Payment by disease-specific point values is not a novel concept. It was implemented in China even earlier than Diagnosis-Related Groups (DRGs). The concept of disease-specific point values was first introduced during the healthcare reform pilot in Mudanjiang, Heilongjiang Province, in 2002.


Building on this foundation, cities such as Huai’an, Xiamen, and Zhongshan have also conducted their own explorations and practical applications of diagnosis-based point-value payment systems. However, Guangzhou was likely the first to apply big data technology to point-value payment. In early 2017, Guangzhou’s medical insurance payment system transitioned from single-disease payment to Diagnosis-Related Groups (DRG). That same year, Guangzhou launched a pilot program for Big Data Diagnosis-Intervention Packet (DIP), analyzing more than 8.5 million discharge summary records from 331 hospitals in the city. In early 2018, Guangzhou fully shifted from DRG to DIP. Shanghai subsequently implemented partial DIP trials in 2019.


From 2013 to 2015, Shanghai utilized the first four digits of ICD-10 codes to group diagnosis and treatment categories based on the face sheet information and case records of over 7 million inpatient cases across medical institutions at all levels and of various types, resulting in 6,139 disease groups. Furthermore, each disease group was classified according to the primary technologies employed, forming more than 180,000 disease-technology combinations.

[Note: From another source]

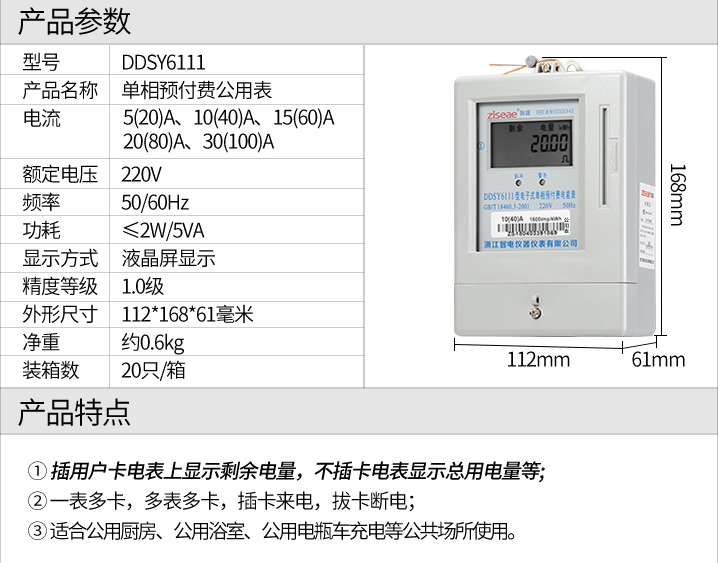 DDSY6111型電子式單相插卡預(yù)付費電表,采用集成電路設(shè)計,全自動表面貼裝(SMT)生產(chǎn)工藝制造。電能表的線路設(shè)計和元器件選擇以較大的環(huán)境允差為依據(jù),可保證整機(jī)穩(wěn)定工作,精度高、高過載、低功耗,可靠性能高。內(nèi)置磁保持繼電器。通過控制繼電器實現(xiàn)控制負(fù)載的通與斷,實現(xiàn)督促用戶先買電后用電的功能。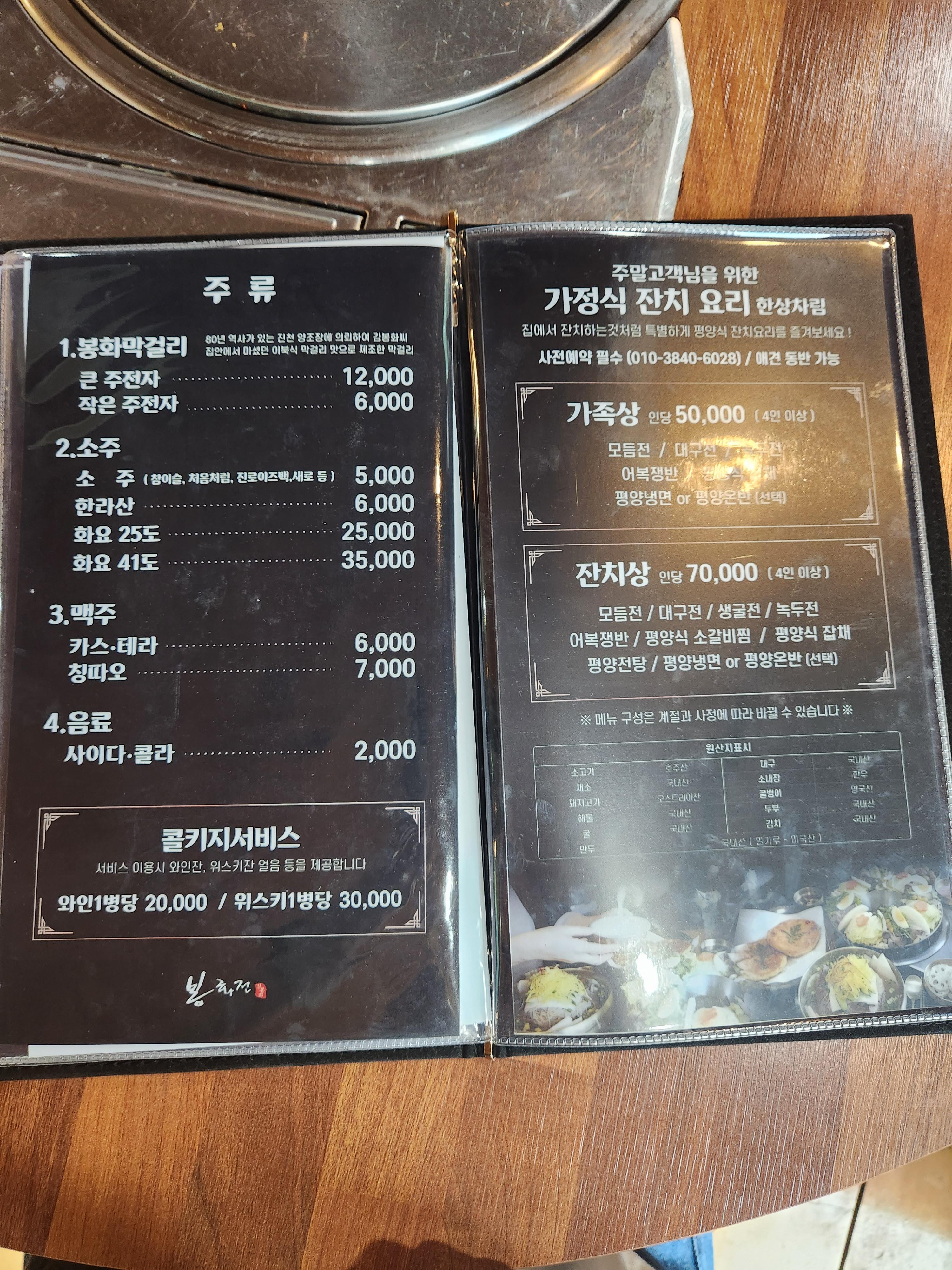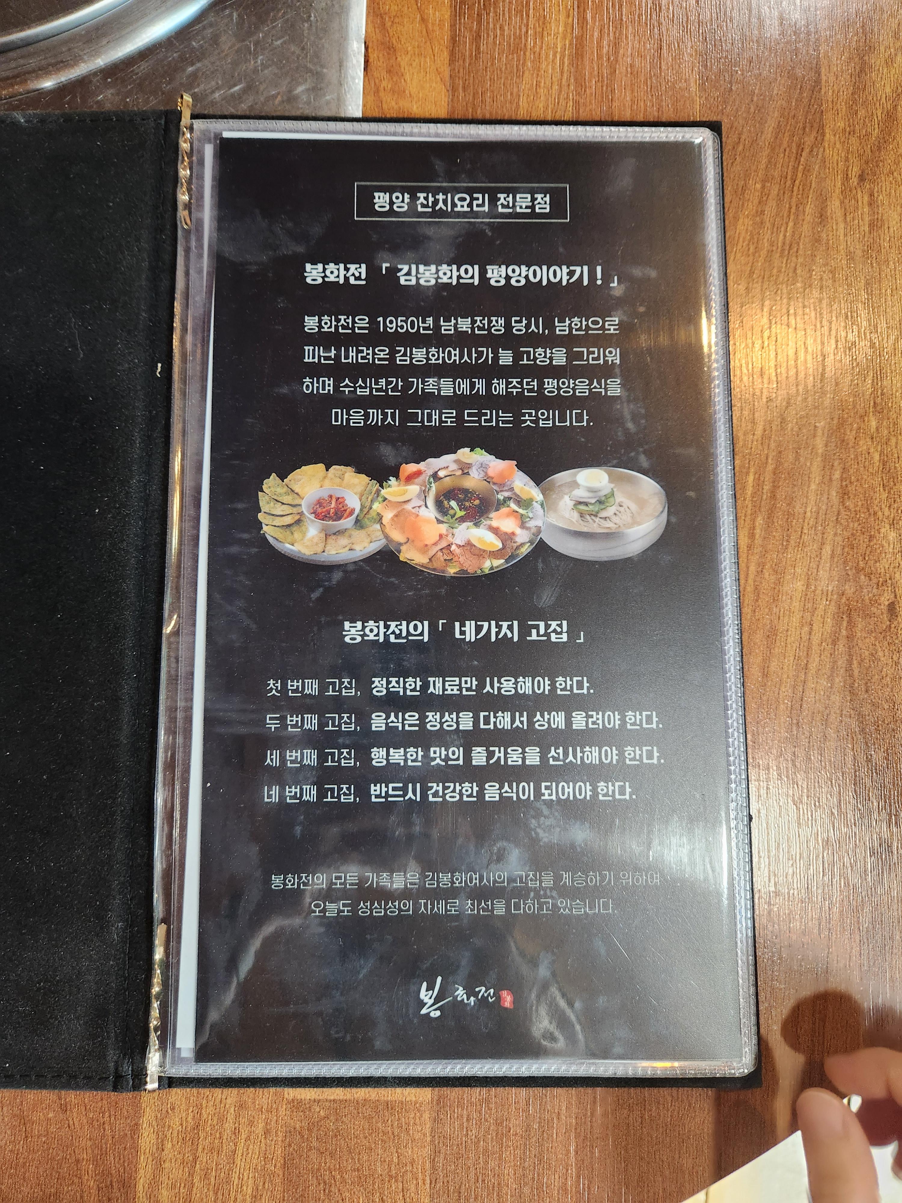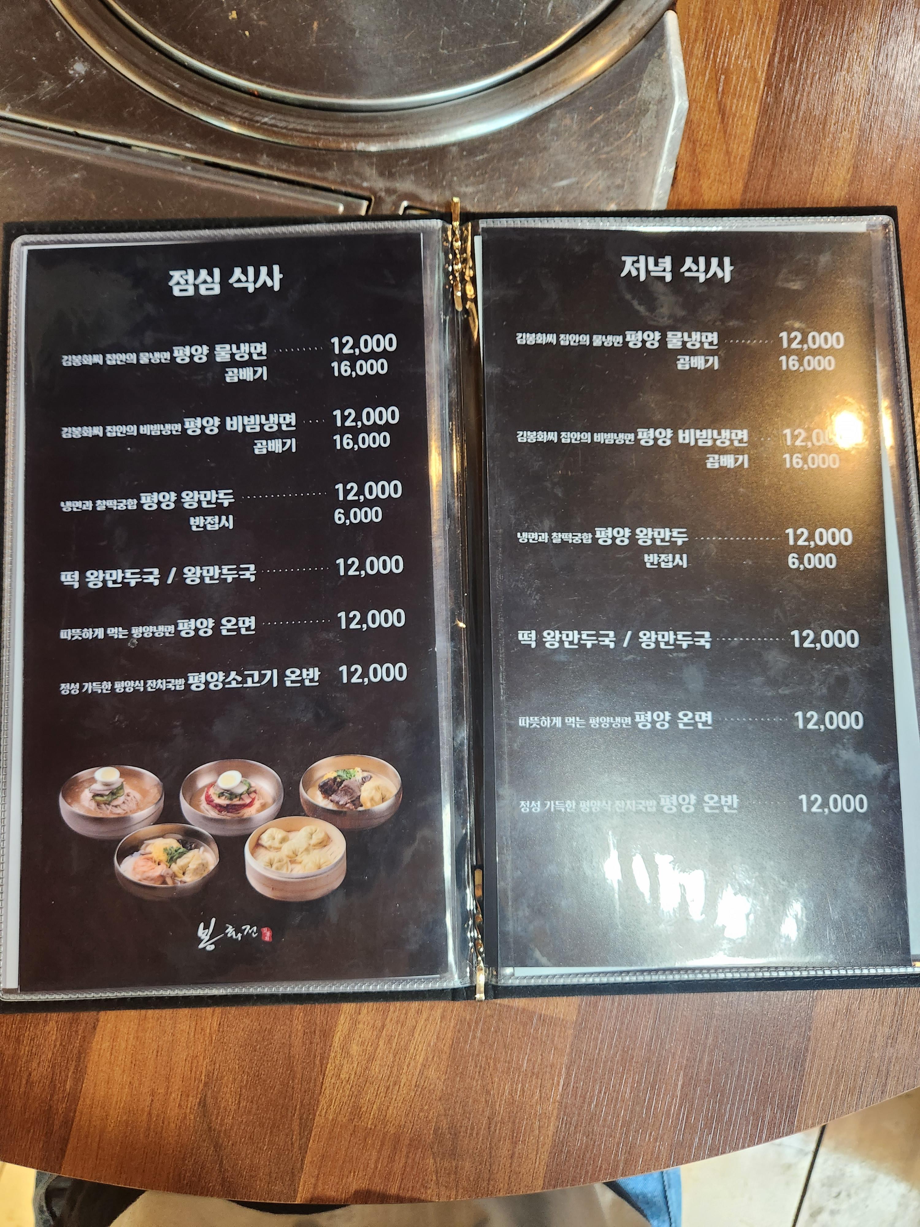 평양냉면, 만둣국, 평양온반, 주류가 판매한다.

“Overall, while DIP and DRG differ in grouping methodologies, data processing, and the extent of manual involvement, I personally believe that they share the same underlying philosophy and connotation regarding payment mechanisms. Both reflect the rational pricing and refined management of medical services by health insurance providers, shifting the payment model from a volume-based, fee-for-service approach to a value-oriented bundled payment system based on disease types or diagnosis-related groups.” This is how Chen Xianli summarized the similarities and differences between DIP and DRG.


What Impact Does DIP Have on Hospitals?


Chen Xianli believes that, whether under the Diagnosis-Related Groups (DRG) or Big Data Diagnosis-Intervention Packet (DIP) system, the core concept is to implement bundled payment based on a complete clinical case or a disease group. This approach reflects the value-based purchasing of medical insurance funds and the behavioral orientation of medical insurance payment reform, which will have a significant impact on all stakeholders involved in medical practices.


First, hospitals will strengthen lean management. In the provision of medical services, diagnostic and treatment plans constitute the expenses and costs of care. Under a fee-for-service payment model, various services generate revenue for hospitals, leading to varying degrees of over-treatment. In contrast, under Diagnosis-Intervention Packet (DIP) or Diagnosis-Related Group (DRG) payment systems, where payments are bundled by disease category, materials, pharmaceuticals, and medical services all become costs borne by the hospital. Consequently, hospitals will inevitably strive to minimize resource consumption while ensuring the quality of medical care.


On the one hand, a series of measures gradually introduced by the National Healthcare Security Administration, such as the elimination of markups on drugs and consumables and volume-based centralized procurement, have led to a significant decline in the previously high prices of pharmaceuticals and medical consumables. This has reduced hospitals’ procurement costs for drugs and consumables, thereby substantially alleviating the operational pressure on hospitals under the Diagnosis-Intervention Packet (DIP) bundled payment system.


On the other hand, strengthening hospitals’ own lean management capabilities can effectively reduce resource consumption. Beijing Dongruan Wanghai Technology Co., Ltd. has long been dedicated to lean management in hospitals. With the release of new policies, the company will focus its research and efforts on helping hospitals implement lean disease management. In Chen Xianli’s view, payment reforms such as DRG (Diagnosis-Related Groups) and DIP (Big Data Diagnosis-Intervention Packet) require hospitals to adopt lean management at the institutional, departmental, and disease-specific levels, rather than merely improving medical record quality control.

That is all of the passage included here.